Haley spun to her brother. “What’s that supposed to mean?” she hissed, and he shushed her. Unsuccessfully. They started arguing again. Randy tuned them out, figuring Danny would show up sooner rather than later anyway, and he could settle things easily enough.
“You’ve gotta admit,” Randy said to Chat Noir, “that you’re not exactly inconspicuous in that getup.”

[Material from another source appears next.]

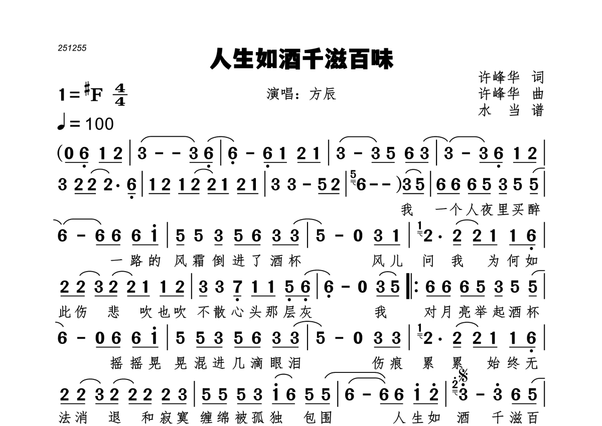 人生如酒千滋百味简谱 - 方辰演唱

“I’m not exactly inconspicuous without it, either,” mumbled Chat Noir, though that made no sense to Randy. The Critic lady had said this was a foreign country for him, so it’s not like he’d actually know anyone here or that anyone would know him. Even if he was visiting relatives, chances were they didn’t know his secret, so there was nothing wrong with them seeing him without his mask. He’d be as thoroughly unremarkable to this crowd as Randy was. No one was going to look at him twice. But in that cat getup? After fighting earlier? Someone was bound to look again, even in a city this big.
“C’mon, the others already know what you look like. It’s just me, and I’m not from here, either. If that makes you feel any better. I mean, I’m still trying to figure out how I’m going to get home when this is over, so….”
Chat Noir sighed and walked back toward the alley. Randy followed, more to get farther away from the squabbling siblings than anything else. “Claws in,” Randy heard Chat Noir whisper when he was out of easy sight, and the boy tugged the hood of his sweater farther forward before turning around.
Yup.
Unremarkable.
Randy didn’t even need to see his face out of shadow to know that much. “Got a name?” he asked.
Chat Noir hesitated.
Randy didn’t miss Chat Noir’s glance in the direction of Jake and Haley. Quick as it had been, Chat Noir’s continued silence spoke volumes for him. “Just tell me the name of your best friend for now,” Randy suggested, even though it wasn’t like any of them would be able to figure out Chat Noir’s identity from his first name alone even if they wanted to. “That way, you’ll remember what we’re calling you, and you can tell us your real name later if you want.”
Chat Noir smiled. It was small, but it was still a smile, so Randy figured that was a win. “Call me Nino.”